The present study has some limitations. First, due to the cross-sectional design, causality of the observed associations regarding the natural course of autonomic dysfunction in SLE and the association between autonomic dysfunction and HRQoL cannot be inferred. Furthermore, none of the currently included measures of ANS function were influenced solely by sympathetic modulation. The most specific measures of sympathetic function include blood pressure CARTs,43 and these could yield new sympathetic characteristics of the autonomic dysfunction present in SLE. However, these were not included in this study.

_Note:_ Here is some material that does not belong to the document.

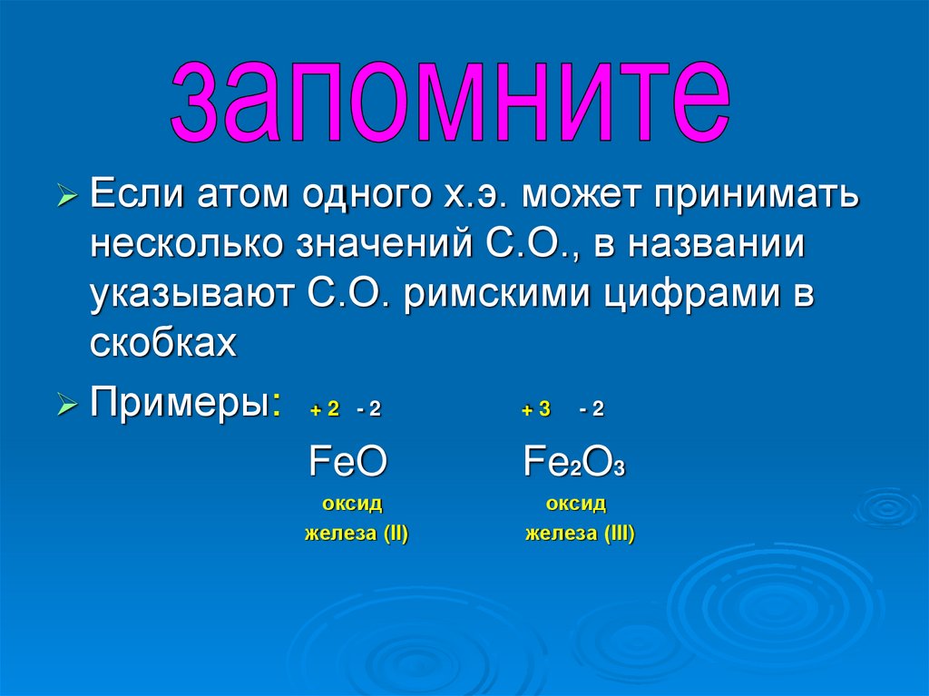 Если атом одного х.э. может приниматьнесколько значений С.О., в названии

Despite evident limitations, this study has been the first to explore early signs of autonomic dysfunction in SLE by associating CART-based CAN staging with HRV analyses. Furthermore, this is the first study to provide insight to how ANS dysfunction may influence physical signs of SLE from a patient perspective. The study findings may, if validated in prospective studies, prove clinically useful by providing an alternative understanding of poor HRQoL that is not readily explained by known disease characteristics of SLE.
In conclusion, we found that compared with controls, patients with SLE presented more frequently with CAN characterised by mixed parasympathetic/sympathetic impairment. Furthermore, even in patients without clinical signs of CAN, we demonstrated impaired parasympathetic function. These impairments were in patients with SLE associated with self-report of poor physical quality of life.